Introduction

In a processing framework world where Apache Spark catches most of the light, let’s dive in the background and checkout one of it’s opponents, Apache Flink.

Duration: 6h
Format: Talk

Presentation

As a data engineer in a Big Data world, you have to know your technologies and which is the best to your use case. Flink’s processing engine designed for data streams is on many aspects the best in its field but it’s also usually overlooked by customers because of Spark’s presence on the market.

Apache Flink excels at processing unbounded and bounded data sets and provides out of the box APIs to develop stateful stream applications, from log monitoring to a website’s backend or machine learning and content recommendation.

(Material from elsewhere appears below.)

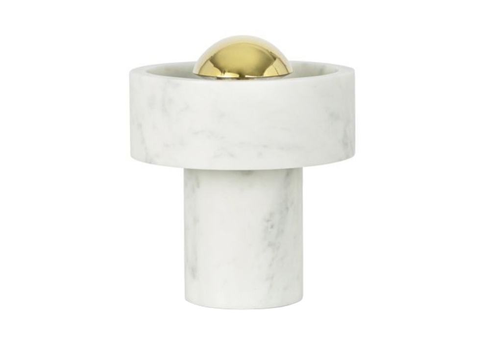 Stone Portable von Tom Dixon entworfen, ist eine Tischleuchte aus Marmor und Messing mit integriertem Touch-Dimmer. Wiederaufladbar mit einer Akkulaufzeit von 9 Stunden.

We’ll have you come out of this talk with an understanding of Flink’s internals (and the differences with Spark) and how to set it up and use it quickly.

Author

Cesar is a Big Data & Hadoop solution architect and data engineer with 3 years of experience on distributed systems. He designed and built data ingestion worflows and real time services as much as accompanied his clients to identify their needs. He is polyvalent on Big Data platforms from clusters planning, conception and deployment to prototyping, industrializing and maintaining applications in collaborations with users, analysts, data scientists, engineers and operations teams.

Recently he’s been working at Renault Digital to build a data streaming platform on Spark, and keeps himself in the loop on Flink in the hope of getting a client to work with it.